Ввиду невозможности прибытия представителей Дома Романовых во Владивосток, следовало избрать Правителя Приамурского Края. Он должен был позднее "дать ответ за все учиненное по долгу Правителя перед Русским Царем и Русской Землей". Единоличная власть признавалась более всего соответствующей российской действительности.

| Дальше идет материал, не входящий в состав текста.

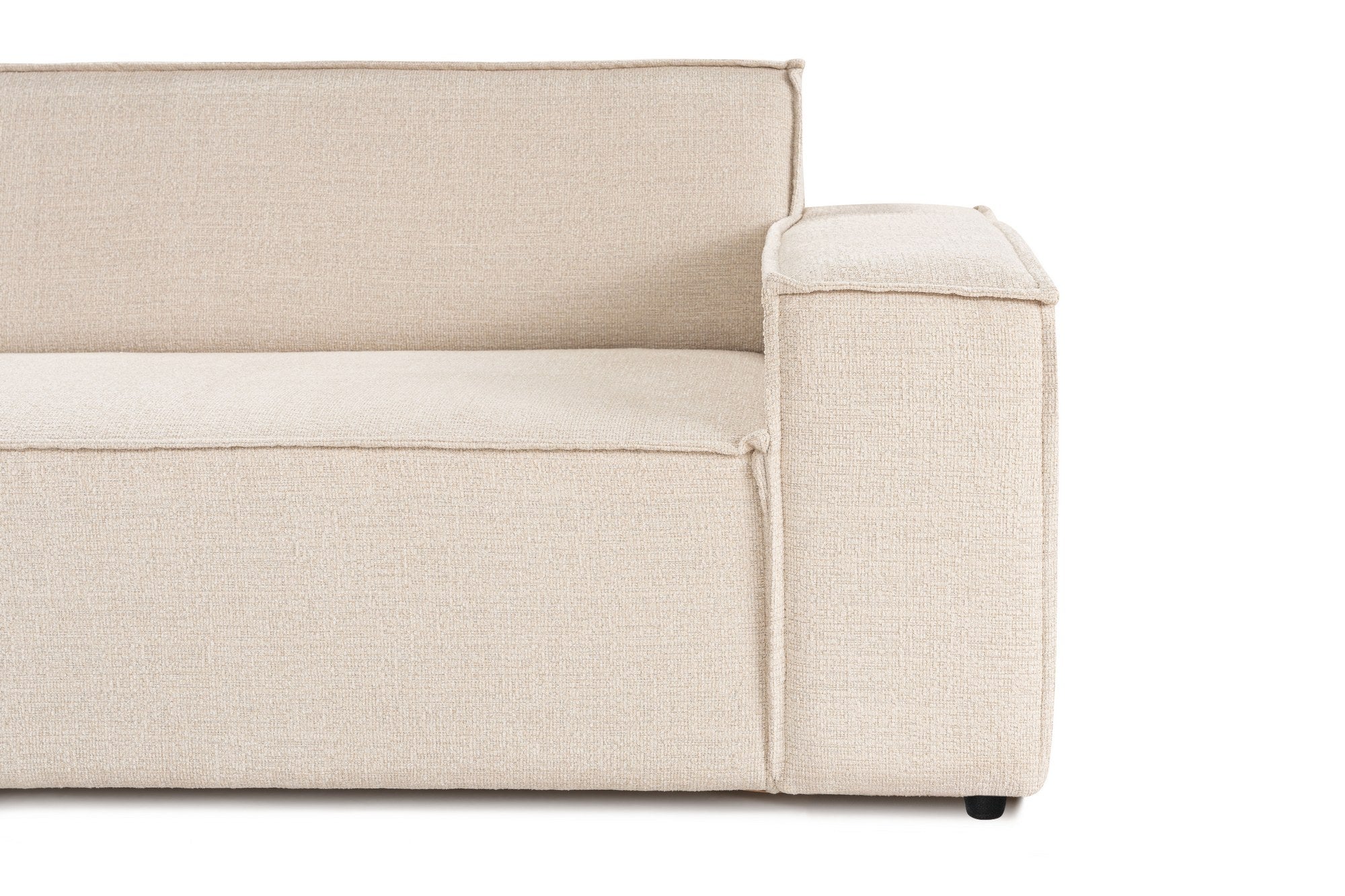 Com um design elegante e moderno, o nosso sofá de canto dá um toque de sofisticação a qualquer divisão. O tecido 100% poliéster numa bonita cor bege complementa qualquer decoração, enquanto as pernas de madeira pintadas de preto dão um toque de elegância. As almofadas de assento e de encosto fixas garantem que o sofá mantém a sua forma e estrutura, mesmo após anos de utilização.

Депутат Васильев отмечал в своем докладе, что "такая форма управления является наиболее целесообразной; идея единоличной власти более понятна народу, чем идея всякой другой формы власти; орган управления должен быть гибким, способным быстро принимать решения, каковым может быть только единоличная власть"[97]. Многие члены Земского Собора считали, что Правителем Края должно стать лицо, так или иначе связанное со "старым режимом", из среды хорошо известных чиновников или военных. В этом отношении приемлемой, в дальневосточных масштабах, представлялась кандидатура бывшего Тобольского и Томского генерал-губернатора, камергера Высочайшего Двора Н.Л. Гондатти, проживавшего в Харбине. Его поддерживали лидер Несоциалистического Комитета г. Харбина Н.М. Доброхотов, Архиепископ Харбинский и Маньчжурский Мефодий, представитель Владивостокского Биржевого Комитета И.К. Артемьев, С.П. Руднев, П.П. Васильев и ген. Дитерихс. Возможность самому баллотироваться на должность Правителя Михаил Константинович допускал только в случае отказа Гондатти от избрания. Упреки в стремлении к власти, к диктатуре в отношении Дитерихса были несостоятельны[98].